The turning point was to stop writing one prompt that did everything and split it in two: a procedural decision tree, and a separate set of matching criteria. The tree is procedure: match the name, then the date of birth, then the gender; fail any step and the answer is NO_MATCH; reach the end and it is POTENTIAL_MATCH_ESCALATED; treat missing data at a step as a match and proceed, because absence of evidence is not evidence of a mismatch. The criteria are the definitions the tree calls into, including what counts as a name match with transposition and sound-alike guidance. Separating the procedure from the definitions is what made the model's behavior legible and consistent.

Rewriting the prompt cleanly around that structure is also where we locked in the hybrid model split, GPT-3.5 for extraction and GPT-4 for the decision, and reached the precision goal: 100% precision on NO_MATCH on the evaluation set, against a 90% target. The structural move that got us there, separating the decision tree from the matching criteria, is the same move that makes the model auditable. An analyst can read the tree, read the note, and check the work. That is what made it safe to point at a backlog and let it run.

What "production" actually means here

Production for this system is three things that are really one. It is scale: a Python batch job, 1000 at a time, 10 in parallel, draining about 148K hits cohort by cohort, auto-closing the false positives and routing the close calls to people. It is cost: about four cents a screening, about $6,000 for the whole backlog, with a 10x-cheaper path we did not take because the asymmetry between $5,500 saved and one sanctioned person cleared is not a real choice. And it is drift: the day a vendor deprecated a model, the pipeline kept reporting success while doing nothing, and it took six days and the monitoring we should have had from the start to notice.

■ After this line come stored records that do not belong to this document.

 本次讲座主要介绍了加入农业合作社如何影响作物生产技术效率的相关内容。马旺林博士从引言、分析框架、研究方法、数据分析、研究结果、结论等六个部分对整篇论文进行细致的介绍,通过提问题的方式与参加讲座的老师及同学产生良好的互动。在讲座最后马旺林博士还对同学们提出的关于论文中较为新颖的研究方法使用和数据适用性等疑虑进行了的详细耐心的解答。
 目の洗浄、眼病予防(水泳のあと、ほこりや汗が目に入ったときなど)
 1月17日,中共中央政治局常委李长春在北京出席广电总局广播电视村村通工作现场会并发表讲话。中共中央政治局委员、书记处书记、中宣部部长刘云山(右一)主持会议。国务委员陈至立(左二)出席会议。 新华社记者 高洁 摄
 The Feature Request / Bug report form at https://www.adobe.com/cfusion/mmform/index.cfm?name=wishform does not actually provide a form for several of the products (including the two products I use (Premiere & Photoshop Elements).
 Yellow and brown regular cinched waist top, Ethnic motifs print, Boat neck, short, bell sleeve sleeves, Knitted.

The thread tying them together is the asymmetry. It tells you to escalate rather than guess, to pay for the better model, and, just as firmly, that a green pipeline is not a working pipeline. The discipline that protects against a false negative in the model is the same discipline that protects against a silent zero in the database. Restraint in the decision and skepticism toward your own success signals are not two practices but one. We learned that the way most teams do, six days late, from the people downstream who noticed the work had stopped. The fix was four lines of alerting; the lesson was the whole system.